In the Battle of Lahore in 1021 AD, we see a six-month long siege in which the Hindu Shahi rulers were completely destroyed.

It was here that the military prowess of Ayaz came to the front, and his respect among other military commanders increased. But once Lahore fell, an angry Mahmud ordered that the city be flattened and every citizen killed or taken slave to be sold in the markets of Ghazni and Central Asia. Over 100,000 slaves were taken to Ghazni.

Once his anger was quenched at a flattened Lahore, he made his favourite Malik Ayaz the governor with the command that he wanted to see a new Lahore rebuilt with a strong fort.

In the past we have seen it mentioned, and to be honest I have also quoted such sources, that the new Lahore Fort was made of mud walls.

It seems that Malik Ayaz rebuilt the Lahore Fort on the same site as the destroyed one, but with a base of burnt bricks. This was to make sure that during times of flooding of the River Ravi, the base was not eroded.

We also know from archaeological digging done inside the fort in 1952 that he had raised the inner flooring by approximately 25 feet, or the height of four horses as an old manuscript tells us.

The old walled city of Lahore was also rebuilt with mud walls, and soon the city regained its glory with new houses and huge gardens and wells.
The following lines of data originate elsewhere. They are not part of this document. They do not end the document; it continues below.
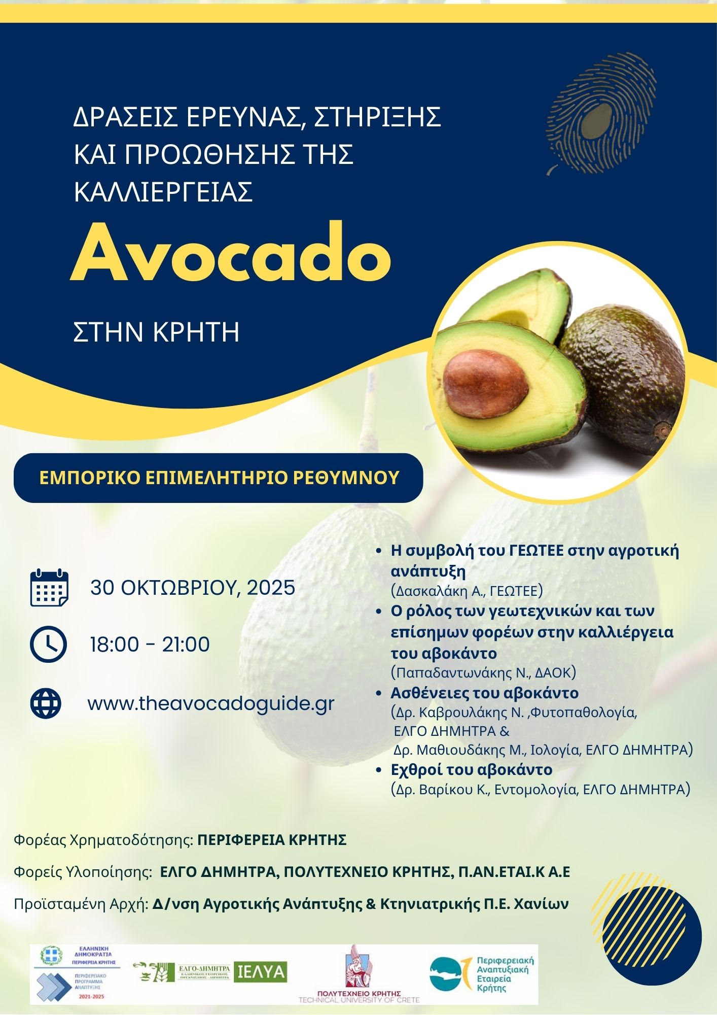 στήριξης και προώθησης της καλλιέργειας του AVOCADO στην Κρήτη» στα πλαίσια του Προγράμματος Δράσης της Περιφέρειας Κρήτης, Άξονα Προτεραιότητας 5.11 «Προώθηση ελληνικών προϊόντων στο εξωτερικό (συμμετοχή σε εκθέσεις, εμπορικές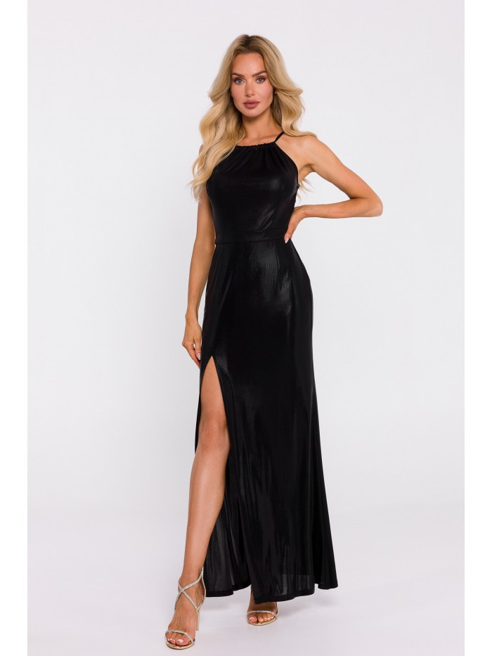 M833 Metalické maxi šaty se zavazováním za krkem - černé EU XL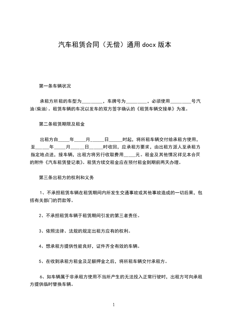 同时限:乙方无偿将该车辆借给甲方使用五年,时限自_年_月_日至_年_月_日。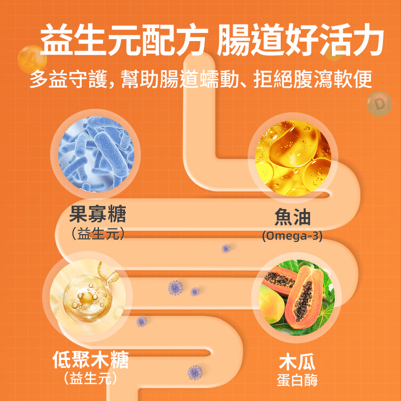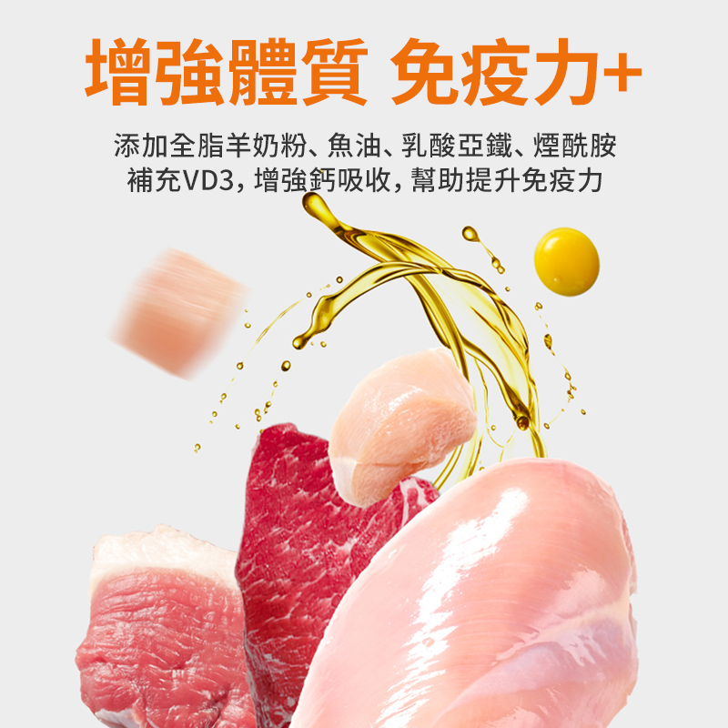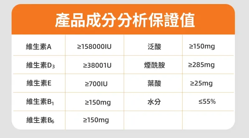 麥芽糖、魚油、葡萄糖、魚粉、全脂羊奶粉、小麥纖維、大麥苗粉、車前草、維生素A、D3、B1、B2、B6、B12、天然維生素E、乳酸亞鐵、氧化鎂、泛酸鈣、葉酸、低聚裹糖、煙酰胺、寡糖、木瓜蛋白酶。

The Lahore of Malik Ayaz rose to become a major city of learning, of poetry, of fine life and of fine food, a reputation it has maintained even in the worst of times since. But to Mahmud his slave was to prove wrong all speculations about his loyalty.

One favourite story is that people reported that he was storing wealth to one day return to Georgia a very wealthy man. Mahmud listened to such rumours and one day came to spy on his slave. He found him go every day to a place where a massive trunk existed. Mahmud spied on him and discovered that he went to see the old rags he wore as a slave and to praise Mahmud for his kindness.

On his death Malik Ayaz was buried outside the walls of the then Lahore, and the grave had a beautiful tomb on it, which remained so till in 1811 when the Sikhs knocked it down.

The simple one room grave that exists today was built by traders after 1947. Does Malik Ayaz, Georgian slave, Governor of Lahore and the man who rebuilt a ruined city deserve a better tomb? The answer lies entrenched in our prejudices.